The solution is to instill confidence by decomposing a system into bounded isolated components. We can reason about well-bounded components much more easily. Conversations about the functionality of bounded components are much more coherent. We can be far more certain that we understand the implications and side effects of any controlled change to a bounded component. Yet it is inevitable that there will be failures, both human and technical. We strive to minimize this potential with bounded components, but we design for failure and make preparations to recover quickly when failures do occur. Well-isolated components make the system as a whole resilient to these failures by containing the failures and limiting the blast radius to a single component, thus providing teams with breathing room to rapidly respond and recover from the failure.

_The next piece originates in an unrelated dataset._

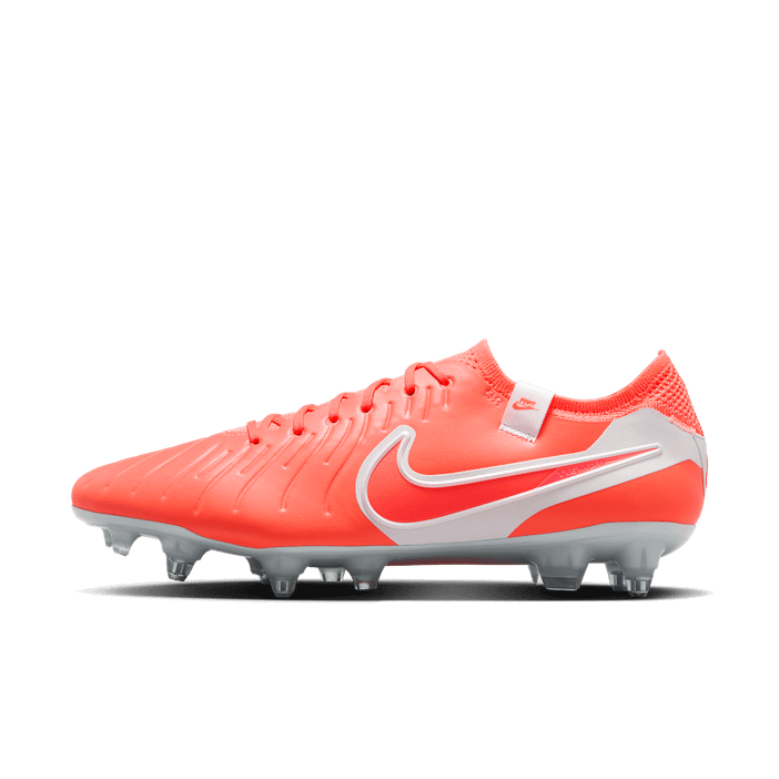 Sogar Legenden entwickeln sich weiter. Die neueste Version dieser Elite-Schuhe ist mit brandneuem, speziell entwickeltem FlyTouch Plus-Leder ausgestattet. Es ist weicher als natürliches Leder und passt sich deinem Fuß an. Die integrierte Technologie All Conditions Control bietet selbst bei nassem Wetter Grip, damit du das Tempo im Spiel bestimmen kannst. Der Legend 10 ist noch leichter und schnittiger als die bisherigen Tiempo-Modelle. Er eignet sich für jede Position auf dem Spielfeld, egal ob du einen präzisen Pass durch die Verteidigung spielst oder zurückläufst, um einen Gegenangriff abzuwehren. Diese Version verfügt über Anti-Clog-Traktion an der Sohlenplatte, um Schlammansammlungen zu verhindern. Noch besseres Ballgefühl:Siehst du die Microdots auf dem Obermaterial? Sie optimieren den Kontakt beim Schießen, Dribbeln und Passen. Außerdem sorgen sie für einen eleganteren Look und eine extra Polsterung ist nicht nötig. Hinzu kommt, dass sie nicht die Ballkontrolle beeinträchtigen, auf die es auf dem Spielfeld ankommt. Wir haben auch weniger Schaumstoff als beim Tiempo 9 verwendet, damit dein Fuß noch näher am Ball ist. Dafür sind die Stollen mit Konturen versehen. Die All Conditions Control-Technologie (ACC) ist mit ihrer griffigen Struktur ideal bei nassen und trockenen Bedingungen.,Natürliche, anschmiegsame Passform:Das speziell entwickelte FlyTouch Plus-Leder ist unglaublich weich. Dadurch passt sich der Schuh deinem Fuß an und sorgt so für Tragekomfort, ohne das Material auszuleiern. Flyknit im Knöchelbereich bietet ein sicheres Tragegefühl.,Traktion auf dem Spielfeld:Die Sohle verfügt über konische Stollen an der Ferse und sorgt so unter allen Bedingungen für optimale Traktion und Stabilität beim Abbremsen und bei Richtungswechsel.

The apt analogy for bounded isolated components is the bulkhead. As depicted in the preceding diagram, ships are divided into compartments that are separated by walls, known as bulkheads, to form watertight chambers. A breach in the hull will contain the flooding to the affected chambers to help prevent the ship from sinking. Unfortunately, it is not enough to just have bulkheads; they must be properly designed. The Titanic is the classic example of poorly designed bulkheads. Its bulkheads were not watertight, allowing water to flow from compartment to compartment over the top of the bulkheads and we all know how the story ends.
A primary focus of this book is dedicated to designing for failure by creating proper bulkheads for our cloud-native components. This is where much of the rethinking lies. We will be using event streaming and data replication as the implementation mechanisms for isolating components from each other and cover those patterns in depth throughout the book.